-- SOURCE MATERIAL follows --

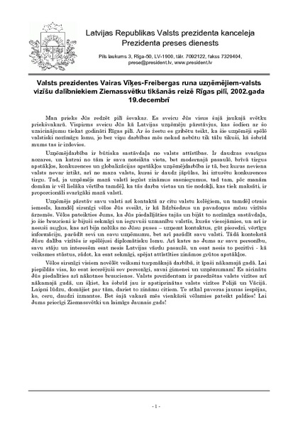 Valsts prezidentes Vairas Vīķes-Freibergas runa uzņēmējiem-valsts vizīšu dalībniekiem Ziemassvētku tikšanās reizē Rīgas pilī, 2002.gada 19.decembrī
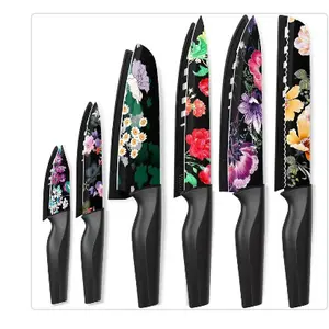 【Elegant & Affordable】 The Colorful Flower Knife Set includes the most commonly used kitchen knives, providing you with a complete set of versatile kitchen tools with a stunning appearance. It includes an 8-inch chef's knife, an 8-inch bread knife, an 8-inch slicing knife, a 7-inch Santoku knife, a 5-inch utility knife, a 3.5-inch paring knife, and six blade guards
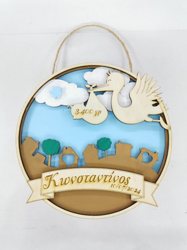 Ξύλινο αναμνηστικό γέννησης 20εκ. 3d αγόρι κρεμαστό (στοιχεία επιθυμίας σας)
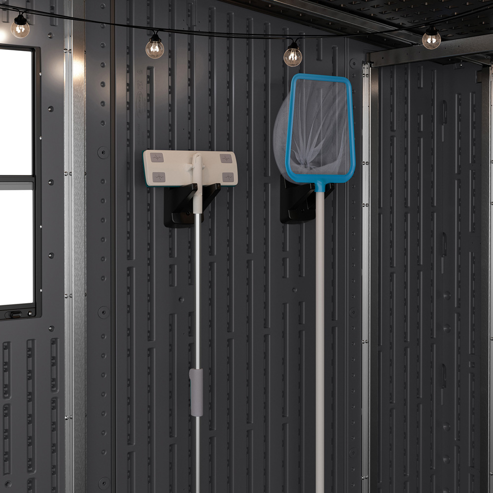 Long-handled tools can be tricky to deal with. That’s why the Suncast Single Tool Hook Hanger is the perfect solution for storing all your long-handled tools, even if you have limited space on your shed walls. Each hanger can store multiple tools to maximize space and prevent tools from falling onto the floor. Keep your tools up and out of the way, but still easily accessible with the Single Tool Hook Hanger.

-- SOURCE MATERIAL concluded --

WHAT THE EXERCISE ASKS |
Please produce an exact copy of all the material, leaving out the pictures.

EXERCISE SOLUTION |
 Valsts prezidentes Vairas Vīķes-Freibergas runa uzņēmējiem-valsts vizīšu dalībniekiem Ziemassvētku tikšanās reizē Rīgas pilī, 2002.gada 19.decembrī
 【Elegant & Affordable】 The Colorful Flower Knife Set includes the most commonly used kitchen knives, providing you with a complete set of versatile kitchen tools with a stunning appearance. It includes an 8-inch chef's knife, an 8-inch bread knife, an 8-inch slicing knife, a 7-inch Santoku knife, a 5-inch utility knife, a 3.5-inch paring knife, and six blade guards
 Ξύλινο αναμνηστικό γέννησης 20εκ. 3d αγόρι κρεμαστό (στοιχεία επιθυμίας σας)
 Long-handled tools can be tricky to deal with. That’s why the Suncast Single Tool Hook Hanger is the perfect solution for storing all your long-handled tools, even if you have limited space on your shed walls. Each hanger can store multiple tools to maximize space and prevent tools from falling onto the floor. Keep your tools up and out of the way, but still easily accessible with the Single Tool Hook Hanger.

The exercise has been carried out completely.